### Extracted material
————
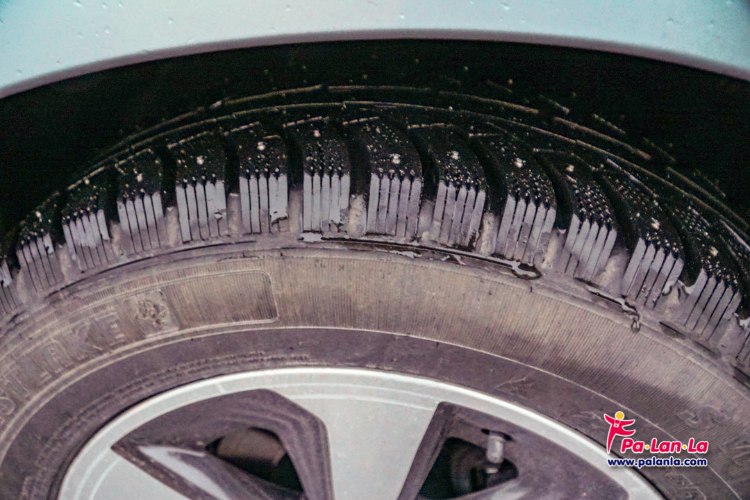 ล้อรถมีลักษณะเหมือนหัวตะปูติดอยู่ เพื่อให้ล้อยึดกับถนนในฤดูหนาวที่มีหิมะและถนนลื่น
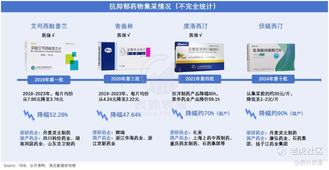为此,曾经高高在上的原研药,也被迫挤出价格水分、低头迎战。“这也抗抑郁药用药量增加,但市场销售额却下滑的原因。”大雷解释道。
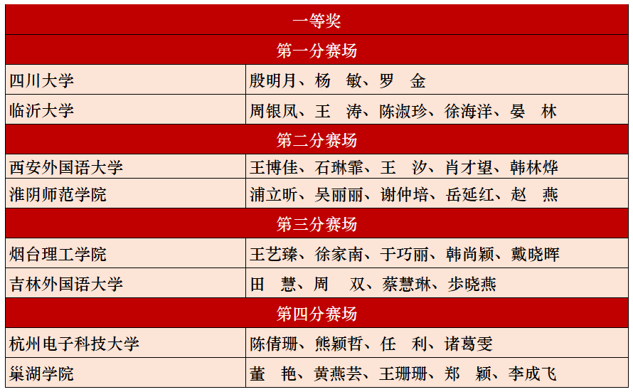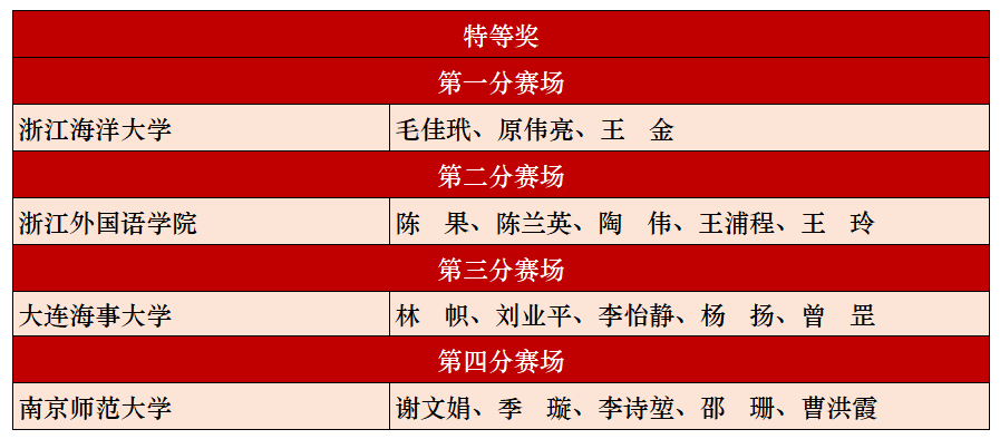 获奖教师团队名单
————
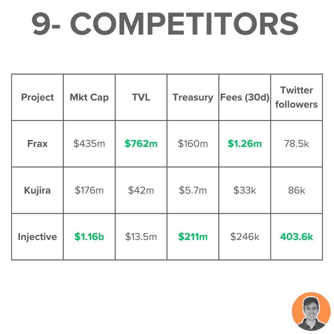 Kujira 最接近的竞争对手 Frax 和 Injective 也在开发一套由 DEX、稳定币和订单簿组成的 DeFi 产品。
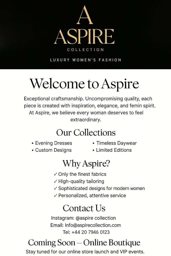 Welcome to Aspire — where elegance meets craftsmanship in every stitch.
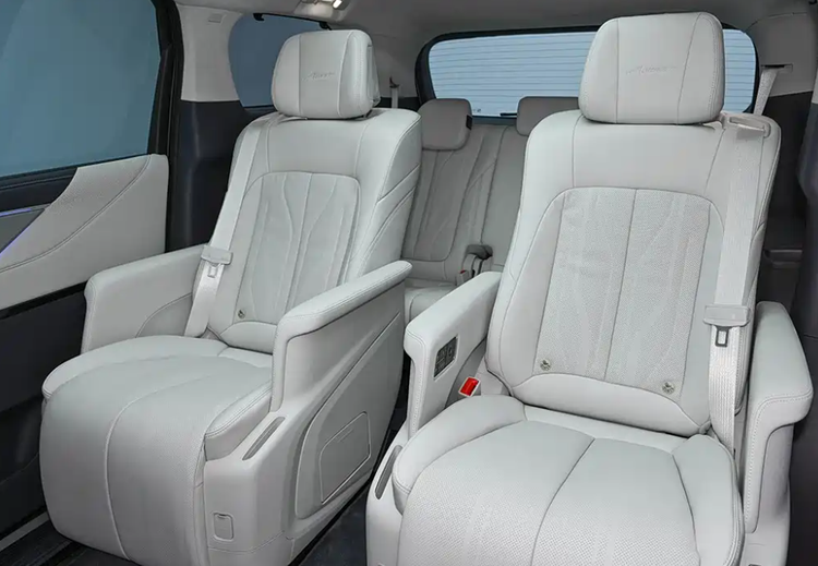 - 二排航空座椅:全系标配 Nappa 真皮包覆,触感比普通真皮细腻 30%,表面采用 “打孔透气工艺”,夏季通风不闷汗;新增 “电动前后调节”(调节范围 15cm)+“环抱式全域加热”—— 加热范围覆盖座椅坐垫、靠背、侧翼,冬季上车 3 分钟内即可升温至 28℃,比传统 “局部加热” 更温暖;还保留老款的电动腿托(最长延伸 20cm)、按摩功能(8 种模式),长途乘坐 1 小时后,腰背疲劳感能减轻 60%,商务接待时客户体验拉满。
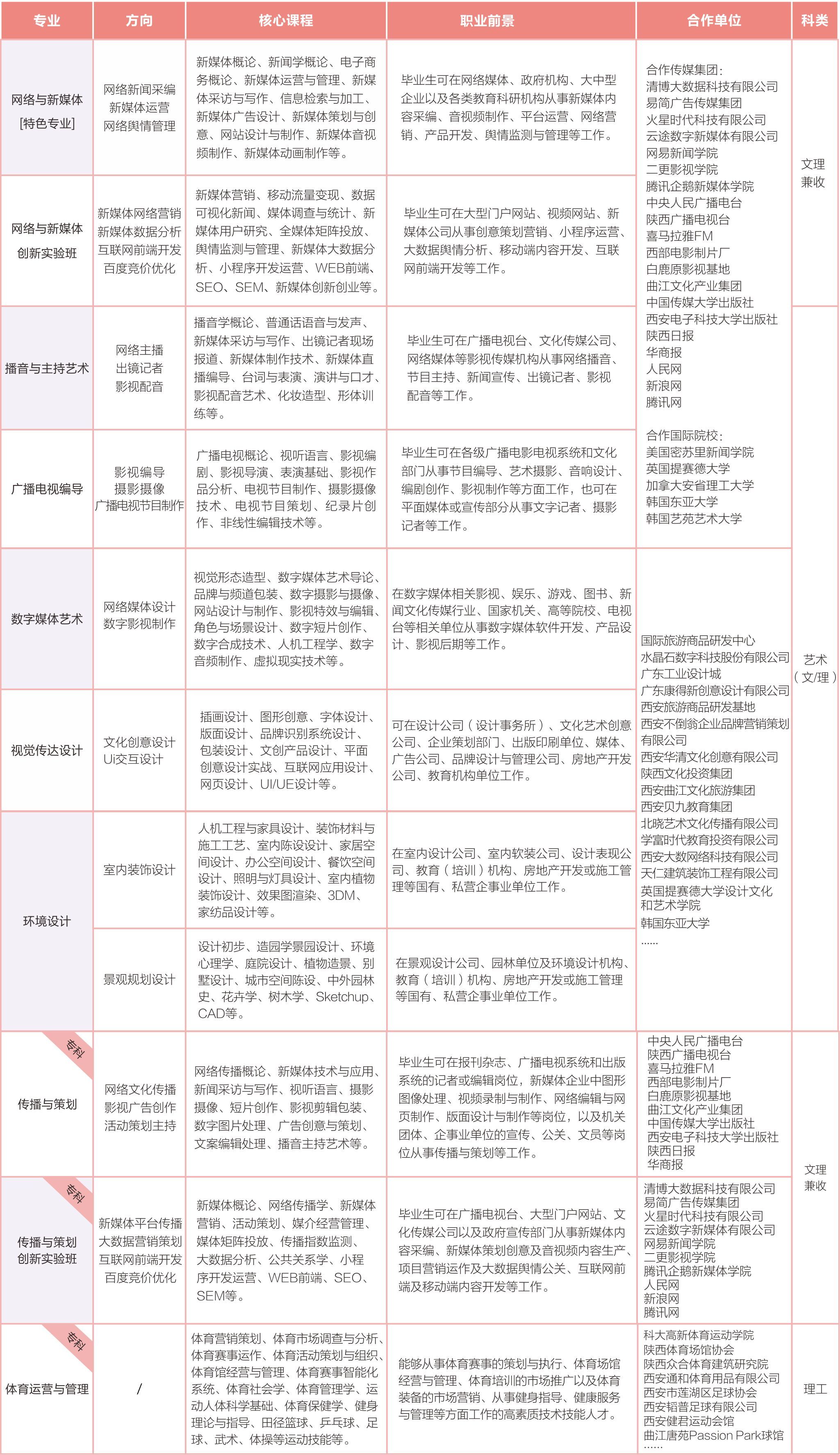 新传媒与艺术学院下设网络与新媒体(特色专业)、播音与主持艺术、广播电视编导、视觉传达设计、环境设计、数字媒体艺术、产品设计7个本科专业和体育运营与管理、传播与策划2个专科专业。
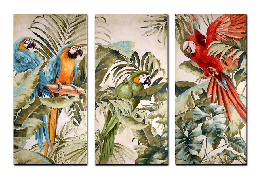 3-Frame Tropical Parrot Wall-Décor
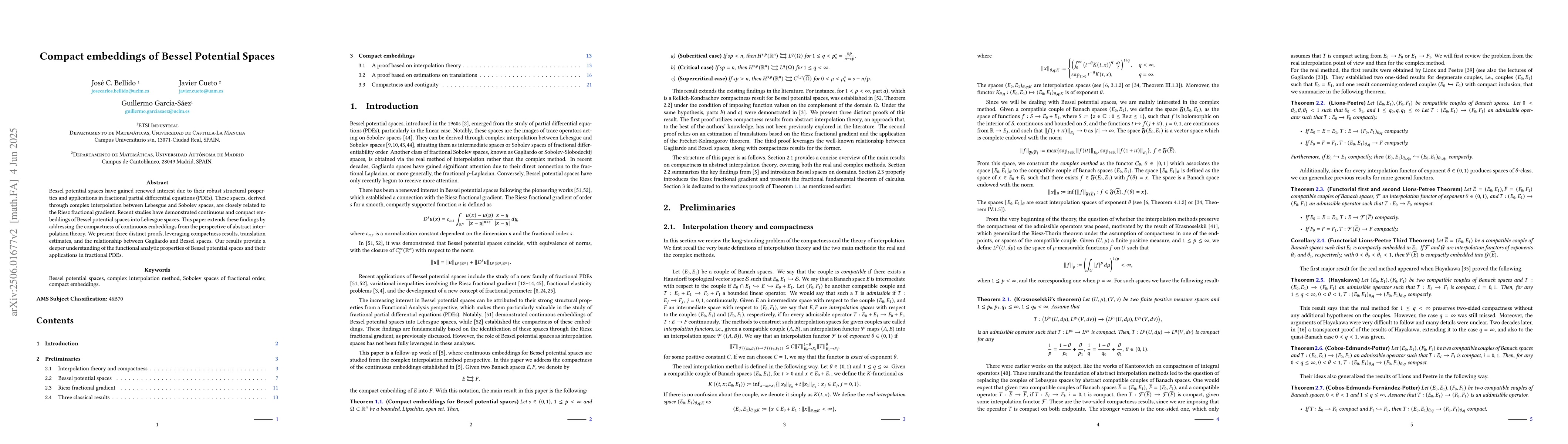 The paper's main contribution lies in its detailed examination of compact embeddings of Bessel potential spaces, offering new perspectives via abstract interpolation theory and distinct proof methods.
————
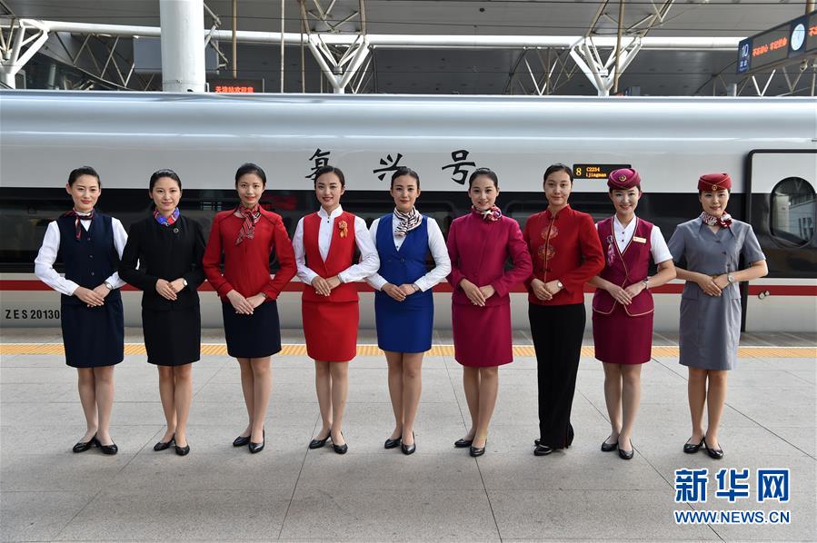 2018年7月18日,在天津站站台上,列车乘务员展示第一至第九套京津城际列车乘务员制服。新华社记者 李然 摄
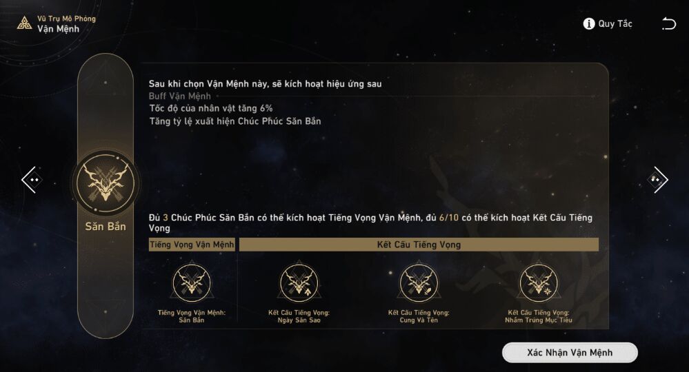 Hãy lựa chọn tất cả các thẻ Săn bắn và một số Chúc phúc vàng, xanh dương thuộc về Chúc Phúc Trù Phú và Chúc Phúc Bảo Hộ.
————
### What is needed
Beginning with the line above that has "新传媒与艺术学院下设网络与新" and going on through the line that has "The paper's main", retype every line exactly and add nothing else; drop the pictures.

### Solution
 新传媒与艺术学院下设网络与新媒体(特色专业)、播音与主持艺术、广播电视编导、视觉传达设计、环境设计、数字媒体艺术、产品设计7个本科专业和体育运营与管理、传播与策划2个专科专业。
 3-Frame Tropical Parrot Wall-Décor
 The paper's main contribution lies in its detailed examination of compact embeddings of Bessel potential spaces, offering new perspectives via abstract interpolation theory and distinct proof methods.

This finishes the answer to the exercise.